The 77% (n = 457) of the freshwater macroinvertebrate species listed in our species list reference4 (“species_list.csv”) have at least one geographic record. All taxa except Diptera have a high taxonomic representativeness, with 77% to 100% of species with at least one record (Table 4). The number of records per species ranges from 1 (for 87 species), to 189 in the Band-winged Dragonlet Erythrodiplax umbrata (Odonata: Libellulidae) (Fig. 5). The median number of records in each taxon is between 1 in Diptera to 23 in Odonata (Table 4). The 35% (n = 159) of the species in the file “occurrence_records.csv”4 have more than 10 records, however this percent value varies across taxa (Fig. 5).

Table 4 Descriptive statistics of the occurrence records in a dataset of freshwater macroinvertebrates from Cuba.
Fig. 4
figure 4

Proportion of records in different taxonomic groups according to the source of origin in a dataset of freshwater species from Cuba. The classification adopted (i.e. preserved specimen, material citation, human observation) is based on Darwin Core standards13,14.

Fig. 5
figure 5

Cumulative frequency of species across the number of records per species in a dataset of freshwater macroinvertebrates from Cuba.

The order Odonata (dragonflies and damselflies) comprises most entries in the database (n = 2675, 43%, Table 4, “occurrence_records.csv”4). The taxonomic bias towards this order of insect can be attributed to the high detectability of Odonata in the field, and the ease to achieve a taxonomic identification of a given species. Odonata are therefore the freshwater macroinvertebrates that can be most easily detected and identified both in the laboratory and in the field in Cuba, which facilitates the recording of occurrences, including those by non-expert taxonomists and citizen scientists. For example, Odonata is the taxon with the highest proportion of records by human observation (Fig. 4), and 97% of records downloaded by us from the citizen-scientist-based online database iNaturalist correspond to Odonata (“occurrence_records.csv”4).

Contrary to the Odonata and the remaining taxa groups (except for Tricladida), the identification of freshwater dipterans generally requires microscope preparations and taxonomic expertise, which increases the difficulties regarding the identification to the species level. In the literature that holds information about the distribution of freshwater Diptera in Cuba, Diptera specimens, with a few exceptions44,45, are generally identified to genus or family35,36,37,38,39 and were therefore not included in our database4.

Technical Validation

The occurrence records4 were screened for georeferencing errors (e.g. points in the ocean), incomplete information and redundant information with functions of the R-packages dplyr and sf (file “scr_tech_val.R”4). Each record must have a date, the taxonomic (species, genus, family, class, phylum) and geographic (locality, latitude, longitude, municipality and province) information and a reference to the source. A valid date must include at least the year. If two or more records of a same species had the same coordinates and date, we considered these as duplicates and only kept unique records.

Usage Notes

The database4 has a high potential in spatial freshwater biodiversity analyses, biogeography and area-based conservation planning. For instance, the species geographic records can be used to model their range-wide distributions using species distribution models (SDM)46 with applications in the conservation of freshwater biodiversity in Cuba, for example:

  • The identification of gaps in the National System of Protected Areas (e.g.47).

  • The assessment of the conservation status of Cuban endemic species (e.g.33).

  • The development of proactive strategies for the protection of freshwater species under future climate change (e.g.48).
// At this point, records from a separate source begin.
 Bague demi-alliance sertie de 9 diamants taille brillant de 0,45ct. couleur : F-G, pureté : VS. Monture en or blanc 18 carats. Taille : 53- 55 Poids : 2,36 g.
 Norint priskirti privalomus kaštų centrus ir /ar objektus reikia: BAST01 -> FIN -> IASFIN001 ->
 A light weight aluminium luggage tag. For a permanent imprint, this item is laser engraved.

  • The improvement of the National System of Protected Areas to meet the spatial connectivity requirements of freshwater ecosystems (e.g.49).
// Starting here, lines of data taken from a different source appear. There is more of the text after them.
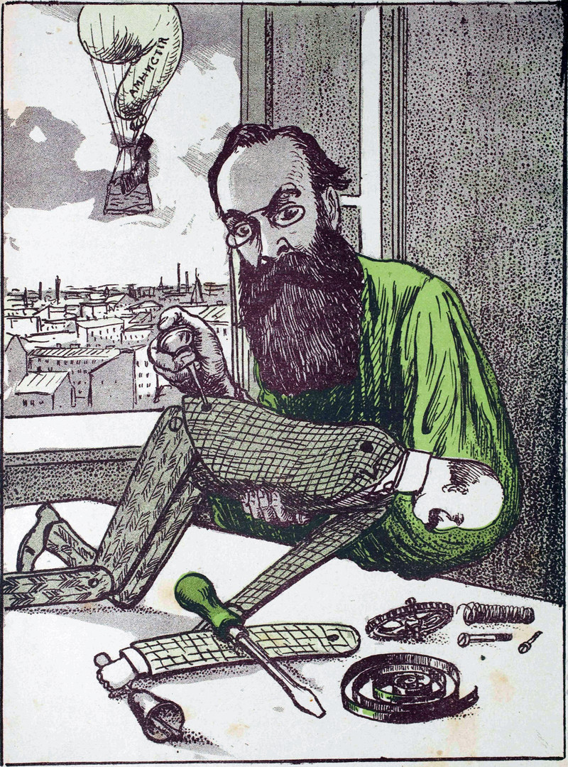 #vintage illustration #beard #automaton #mechanical man #toy maker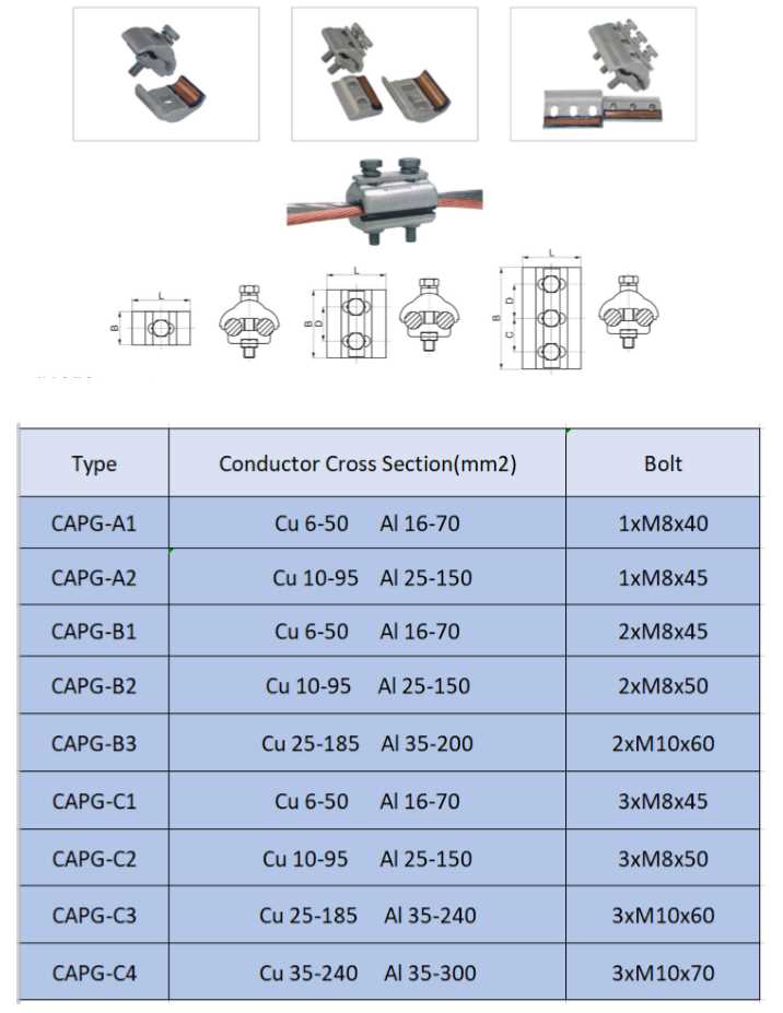 CAPG bi-metallic Parallel Groove Clamps ( bimetallic Parallel Groove Clamps) are used for the connecting and branching of aerial and other aluminium and copper conductors in applications where no mechanical load is existent.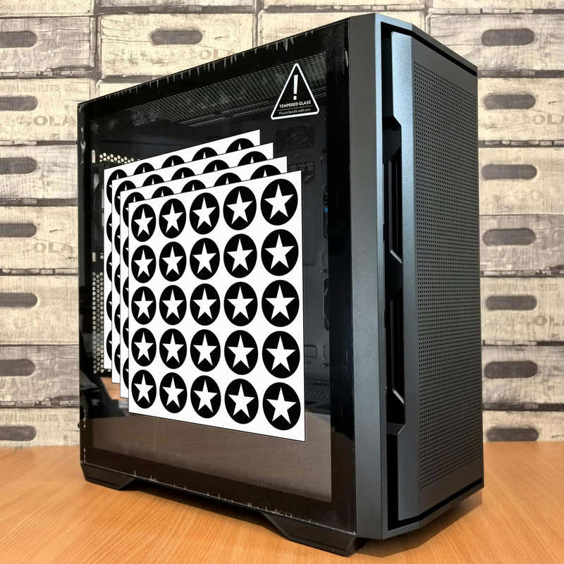 Add a bold touch to your personal space with this set of 3 sheets of star circle vinyl stickers. These black and white star decals are perfect for decorating laptops, notebooks, walls, and more, offering a modern, eye-catching design. Made from durable vinyl, these stickers are built to last, resisting wear and tear while remaining easy to apply and remove without leaving residue. Available in multiple size options, they provide a versatile solution for both small accents and larger creative projects, making them ideal for DIY enthusiasts and decorators alike.

We highlight that the database is welcoming future contributions. Among the taxa analyzed here, Mollusca is the taxa group for which the distribution data is not yet openly available despite that the data has been collated, digitized, georeferenced and stored systematically, such as by the Laboratory of Malacology at the Tropical Medicine Institute of Cuba who maintains a relational database with this information from 1980s to the present50,51.